Euroweek, August 2013
Standfirst: The US private placement market has long shown enthusiasm for Australian borrowers, and presents them with opportunities they can’t get at home: long-dated funding without even the need for a credit rating. But will high swap costs and greater depth in the domestic Australian markets reduce their allure? By Chris Wright
You are an Australian corporate and you need long-term funding. The Australian domestic bond market won’t provide it, and you don’t have the rating or the following to do a senior deal in the US or Europe. What do you do? You follow an increasingly well-trodden path to the US private placement market.

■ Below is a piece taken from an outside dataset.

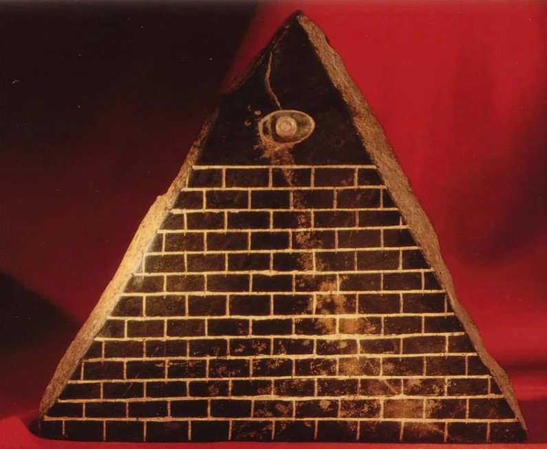 Ngoài ra, trên đỉnh kim tự tháp còn có một con mắt cũng rất đặc biệt. Hình ảnh con mắt này không phải là biểu tượng phổ biến của người Maya hay người Aztec cổ đại. Hình ảnh này khiến người ta liên tưởng tới sự liên quan với Ai Cập cổ đại chính là Con mắt Horus của Ai Cập, biểu tượng mạnh mẽ nhất trong thần thoại Ai Cập và là thế lực chống lại cái ác. Nhưng vấn đề là Con mắt Horus của Ai Cập thường được dùng làm vật trang trí hoặc biểu tượng chứ không được khắc trên đỉnh kim tự tháp.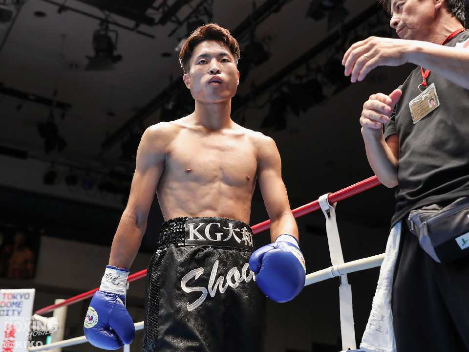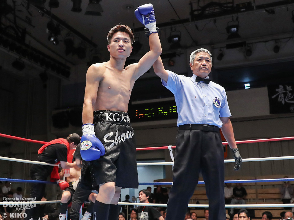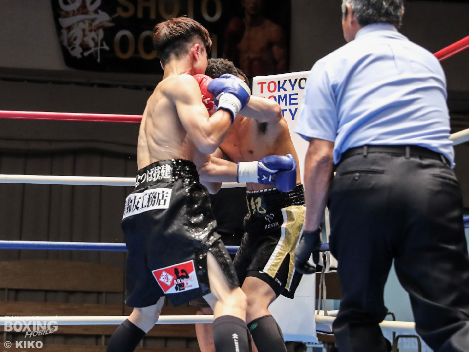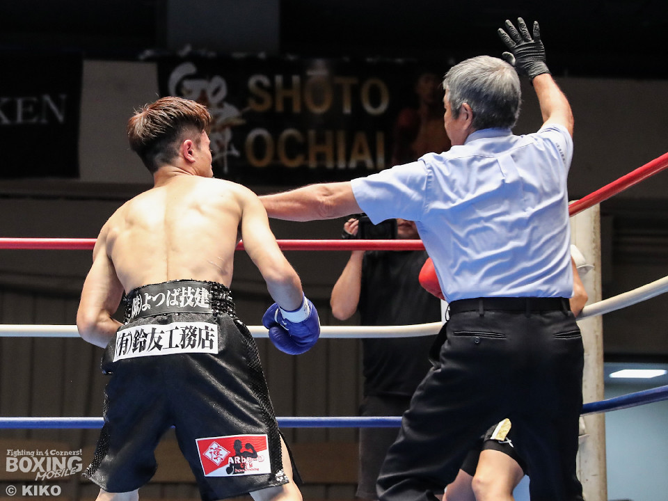 試合:飯塚がジャブを飛ばしながら出入りを意識。しかし、菅谷は慌てる素振りを見せずワンツーで腰を沈めさせて攻勢。チャンスとばかりに怒涛の連打でレフェリーストップに持ち込んだ。

“Australia has historically been favourably disposed towards US PPs for a number of reasons,” says Sean Henderson, head of debt capital markets for Australia for HSBC. “Documentation is much easier than public 144a issuance, being more loan-style in nature. Also this market doesn’t require large benchmark issue sizes, and offers long-dated funding that can be spread across a range of tranches, reducing refinancing risks.” And issuers don’t need to have public ratings to access it. “All of these add a relatively easy option for borrowers without public bond and ratings platforms, and it has often been the market of choice for Australian credits with more modest financing needs.”
Ron Ross, executive director of debt capital markets at ANZ, likes to champion the domestic debt markets, but recognises there are needs the home market can’t meet. “Corporates head overseas for several reasons: usually for tenor, which is where the US PP market kicks in,” he says. “Last year we did a 30-year bond there. No other market is going to go that long.” In particular, for unrated corporates, it can be the only option. “Only the US PP market is going to allow that,” he says.
So what are the arguments against? “One of the main challenges issuers face in this market is the use of maintenance covenants,” says Henderson. (Maintenance covenants are more onerous than incurrence covenants, which commonly apply in markets such as high yield and term loan B). “You’ve got to adhere to them at all times, and that doesn’t work for all businesses.”
Then there’s cost: both longer-dated funding and, for most Australians, the need for cross-currency swaps to bring funds back to Australian dollars. “The US private placement market is definitely there for project and infrastructure borrowers, particularly those who are more corporate-looking,” says John Chauvel, head of debt capital markets for Westpac. “The only problem is that most non-resource-related borrowers need the cross-currency swap. I’m always optimistic the domestic market can step up and meet that need in Australian dollars.”
But can it? Gary Blix, head of corporate origination at Westpac, says US PPs have a competitive advantage over domestic issuance for 10-years plus. “But anywhere between three and seven years, the majority of transactions, if not all, will be done domestically.” Every borrower will have a different point at which one market becomes more cost-effective than the other. In theory, though, as tenors develop in the domestic market – and they do appear to be developing, very gradually – the appeal of going to the US for a placement will dim, particularly if banks continue to rein in their swap lines and make them more expensive.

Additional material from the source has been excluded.